*** Data in this exercise ***

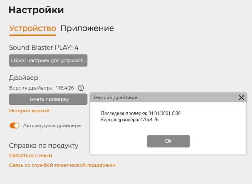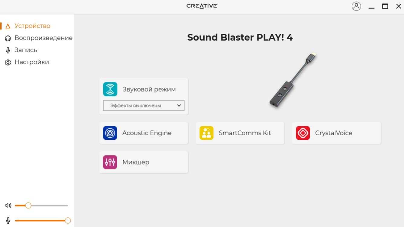 Девайс автоматически определяется как звуковое устройство. Для использования дополнительного функционала необходимо установить приложение Creative.
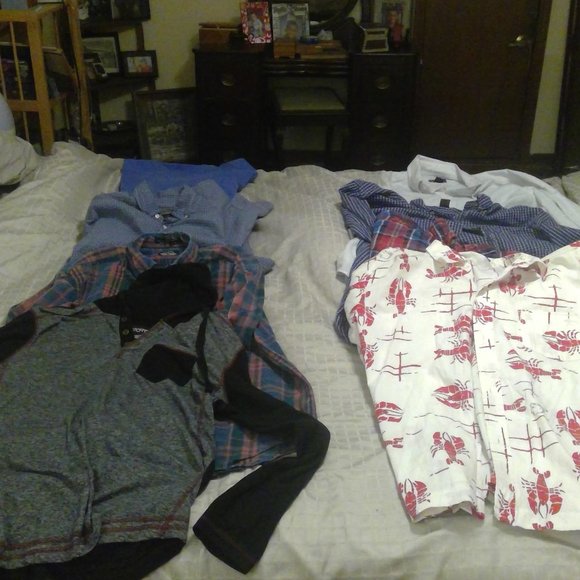 The Distortion hoodie has never been worn. The light weight hoodie is gray and black with maroon trim (M). Three of the button downs are Polo Jeans Company (L). One solid blue pull over and one short sleeved lobster print shirt (XL). Clothes are in good condition.
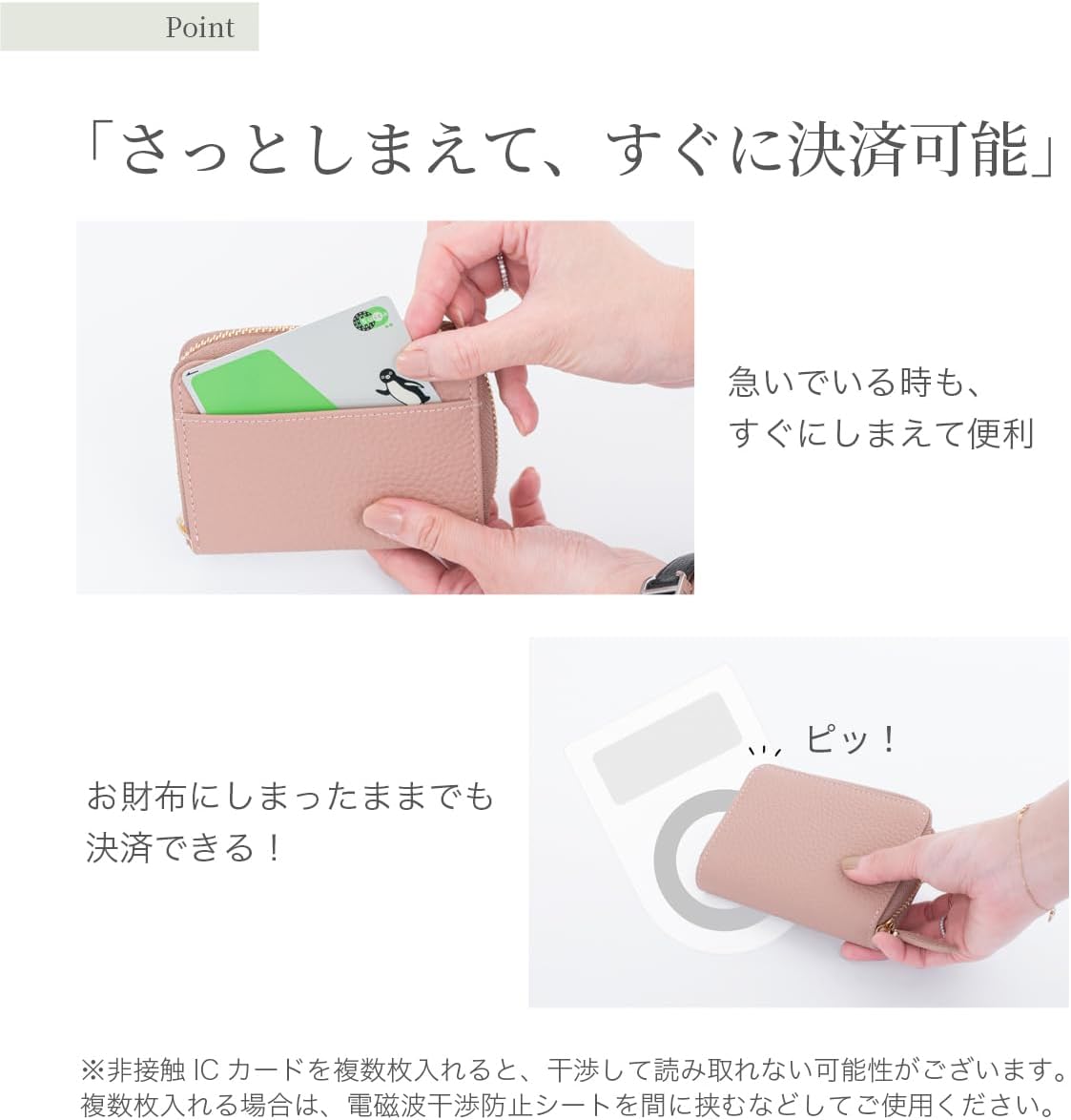 【カードも小銭もたっぷり収納】コンパクトなボディに、使いやすさのための工夫を詰め込みました。じゃばら式カードポケットでたっぷり大容量。ラウンドファスナーを開けば180度広がるので、使いたいカードが一目瞭然。小銭入れは便利なボックス型です。
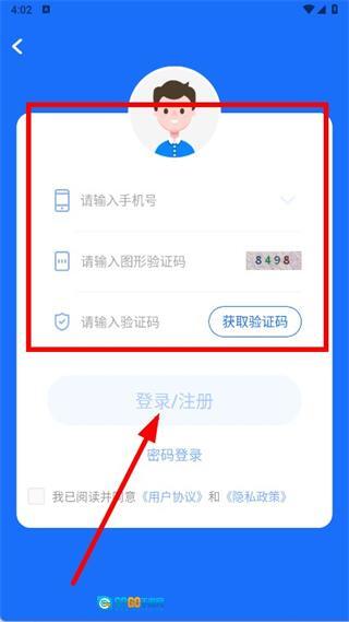 3、按顺序输入手机号码,点击获取验证码并填写,勾选相关选项后,点击登录注册按钮,即可完成注册流程。
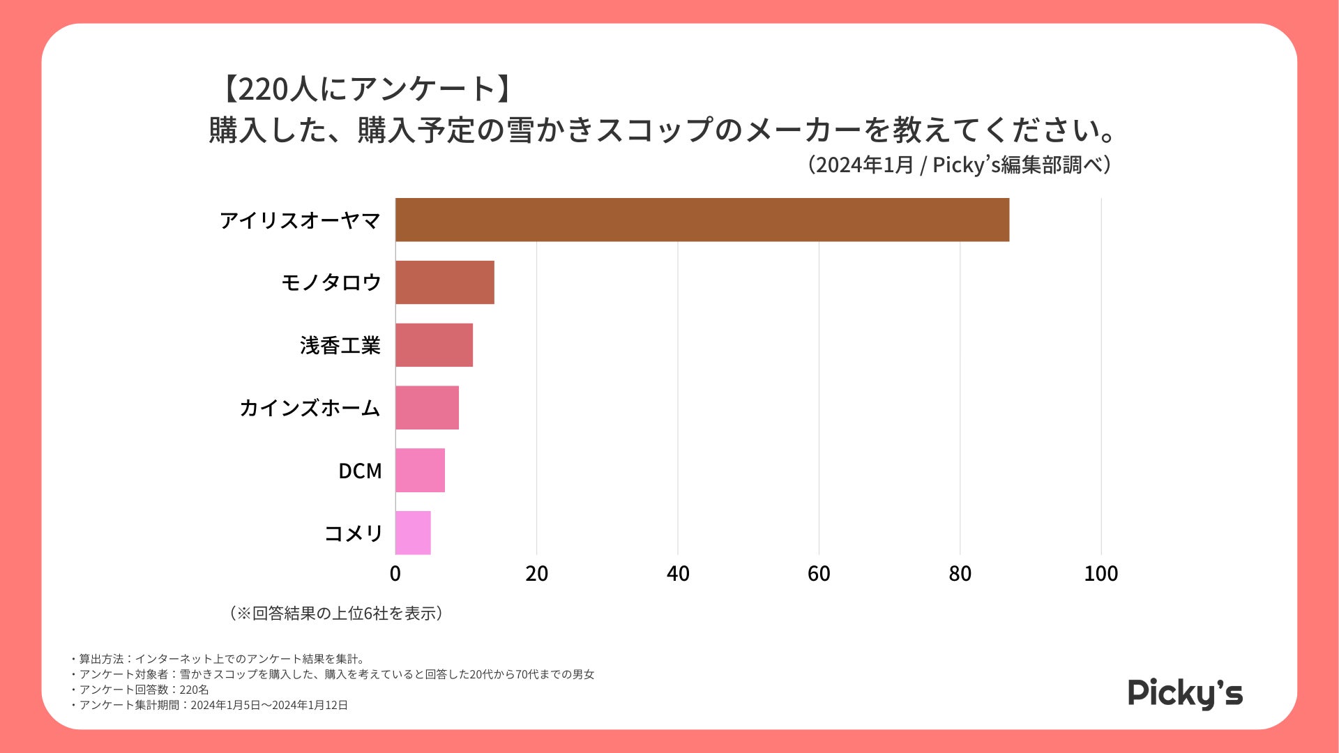 「Picky’s」は、インターネットショッピングにおいて、購入前に試せない・選ぶべきものがわからないという課題の解決を目標に、あらゆる商品のおすすめランキングや検証レビューを紹介するサイトです。このたびPicky’s(https://rentry.jp/note/)では、雪かきスコップについてインターネット上でアンケート調査を行いましたので発表いたします。
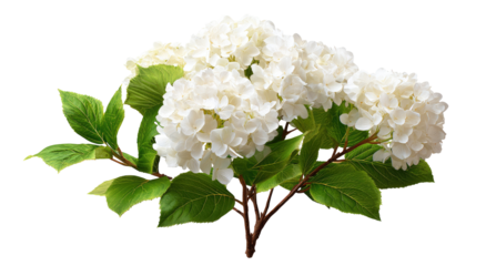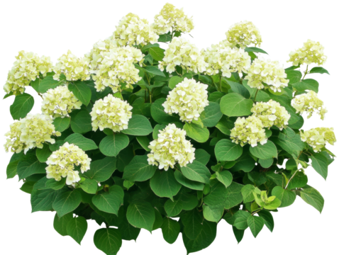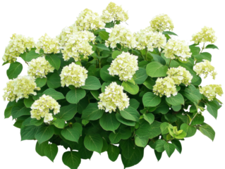 Cut out hydrangea. White flowers isolated on transparent background. Bush for garden design or landscaping
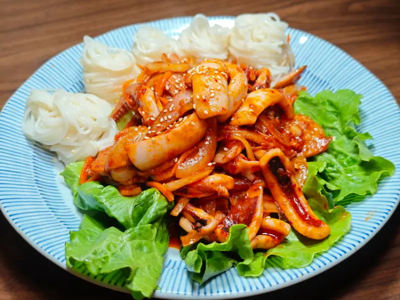 非常下飯的一道菜,將魷魚跟豬五花、紅蘿蔔、洋蔥與韓式辣醬一起拌炒,最後撒上芝麻,吃起來甜甜的帶一點點辣,魷魚新鮮好吃。
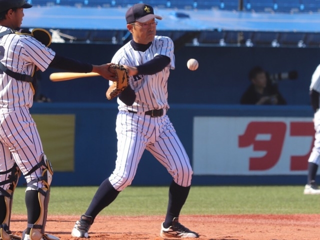 ノックを打つ小倉大貴学生コーチチーフ(4年)
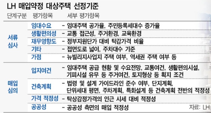 LH는 서류심사를 사업자가 통과한 뒤 거치게 되는 매입심의 단계에서도 입지여건ㆍ건축계획ㆍ공공성을 비롯해 ‘가격 적정성’이라는 평가항목을 제시했다. 여기서 가격 적정성은 ‘탁상감정가격의 인근 시세 대비 적정성’을 검토하겠다는 의미로 설명됐다.

*** End of Data in this exercise ***

What you should do:
Repeat the data above exactly, but not the pictures.

Solution for this exercise:
 Девайс автоматически определяется как звуковое устройство. Для использования дополнительного функционала необходимо установить приложение Creative.
 The Distortion hoodie has never been worn. The light weight hoodie is gray and black with maroon trim (M). Three of the button downs are Polo Jeans Company (L). One solid blue pull over and one short sleeved lobster print shirt (XL). Clothes are in good condition.
 【カードも小銭もたっぷり収納】コンパクトなボディに、使いやすさのための工夫を詰め込みました。じゃばら式カードポケットでたっぷり大容量。ラウンドファスナーを開けば180度広がるので、使いたいカードが一目瞭然。小銭入れは便利なボックス型です。
 3、按顺序输入手机号码,点击获取验证码并填写,勾选相关选项后,点击登录注册按钮,即可完成注册流程。
 「Picky’s」は、インターネットショッピングにおいて、購入前に試せない・選ぶべきものがわからないという課題の解決を目標に、あらゆる商品のおすすめランキングや検証レビューを紹介するサイトです。このたびPicky’s(https://rentry.jp/note/)では、雪かきスコップについてインターネット上でアンケート調査を行いましたので発表いたします。
 Cut out hydrangea. White flowers isolated on transparent background. Bush for garden design or landscaping
 非常下飯的一道菜,將魷魚跟豬五花、紅蘿蔔、洋蔥與韓式辣醬一起拌炒,最後撒上芝麻,吃起來甜甜的帶一點點辣,魷魚新鮮好吃。
 ノックを打つ小倉大貴学生コーチチーフ(4年)
 LH는 서류심사를 사업자가 통과한 뒤 거치게 되는 매입심의 단계에서도 입지여건ㆍ건축계획ㆍ공공성을 비롯해 ‘가격 적정성’이라는 평가항목을 제시했다. 여기서 가격 적정성은 ‘탁상감정가격의 인근 시세 대비 적정성’을 검토하겠다는 의미로 설명됐다.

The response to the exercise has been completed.